Она думала какое-то время. Жизнь все-таки научила ее соизмерять, гасить свои порывы. Ведь речь шла не о военной стратегии, в которой она преуспела в период своего противоборства с королем и которая требовала безошибочной оценки ситуации и мгновенной реакции, но о закладке фундамента мирной жизни, задаче, к которой государства нередко приступают с меньшим знанием дела и тщанием, чем к войне.
Ей хотелось укорениться в этом новом, сулившем счастье отрезке жизни, удостовериться, что это не западня, привыкнуть к покою и повседневности бок о бок с ним, ее вечной любовью, ее хозяином, ее другом. Но в еще большей степени ей необходимо было вкусить от уверенности в этом любовном согласии, охватившем их неугасимым пламенем, мягким и безмятежным, которое отныне ничто уже не могло больше погасить.

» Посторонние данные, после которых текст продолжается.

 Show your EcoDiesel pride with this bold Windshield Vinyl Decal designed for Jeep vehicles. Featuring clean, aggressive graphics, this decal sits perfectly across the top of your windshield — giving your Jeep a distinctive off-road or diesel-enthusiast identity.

Она ждала прибытия в Вапассу.
А поскольку Жоффрей де Пейрак всегда был самым страстным, самым предупредительным и самым расточительным любовником, получилось так, что именно он первым заговорил о новом ребенке, о котором, как ему было известно, она мечтала и которому суждено было скрепить узы их любви .
Неужели и его инстинкт подсказывал ему, что их судьба, такая насыщенная и яркая, устремлялась не к закату, но к своему подлинному началу?

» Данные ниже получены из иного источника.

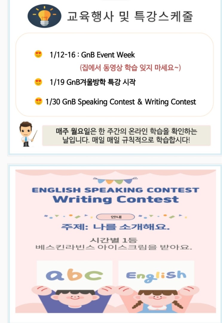새학년을 응원해요.1월 일정및 방학특강안내
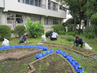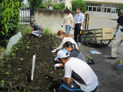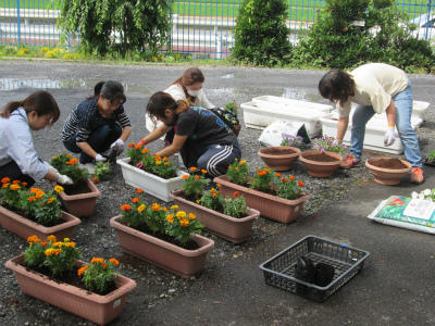 花壇づくりボランティアのみなさんが、豊野小学校の花壇に花を植えてくださいました。

Зимой, когда Вапассу покоился еще под глубоким снежным покровом, когда люди, жившие в деревянных фортах, раскинувшихся на бескрайних просторах Америки, как будто даже забыли о возможности других форм существования, они зачали дитя любви.
Когда Анжелика стала догадываться, что беременна, она почувствовала восторг, потрясение, хотя ей и было известно, что целебные снадобья, которые она так хорошо умела изготовлять, пользуясь «секретами», раскрытыми ей с детства колдуньей Мелузиной, сами по себе должны были привести к желаемым результатам. И все же ей трудно было в это поверить!
В апреле ребенок зашевелился, и вновь она испытала удивление, граничащее с недоверием.
Так, значит, совсем нетрудно было получить в подарок от Неба свою мечту ребенка. Для счастья…
Она чувствовала себя такой окрыленной, пребывала в состоянии столь естественной эйфории, что, если бы не эти толчки, которыми «он» напоминал о своем существовании, она и не вспоминала бы о своей беременности. Все осложнения, которыми сопровождается начало беременности, ее миновали. Ее талия долгое время оставалась тонкой. Не испытывая никакой усталости и даже будучи, как ей казалось, еще более здоровой, чем обычно, она не внесла никаких изменений ни в свой привычно активный образ жизни, ни в планы поездки, которую они собирались предпринять весной к побережью, где им предстояло возобновить контакты не только с жителями Голдсборо, но и с остальной частью мира. Караваны судов доставляли туда почту из Европы, и с учетом сведений, поступавших к ним с Французского залива, Жоффрей де Пейрак наметил план предстоящей навигации. В самом деле, лето становилось периодом активизации морской торговли.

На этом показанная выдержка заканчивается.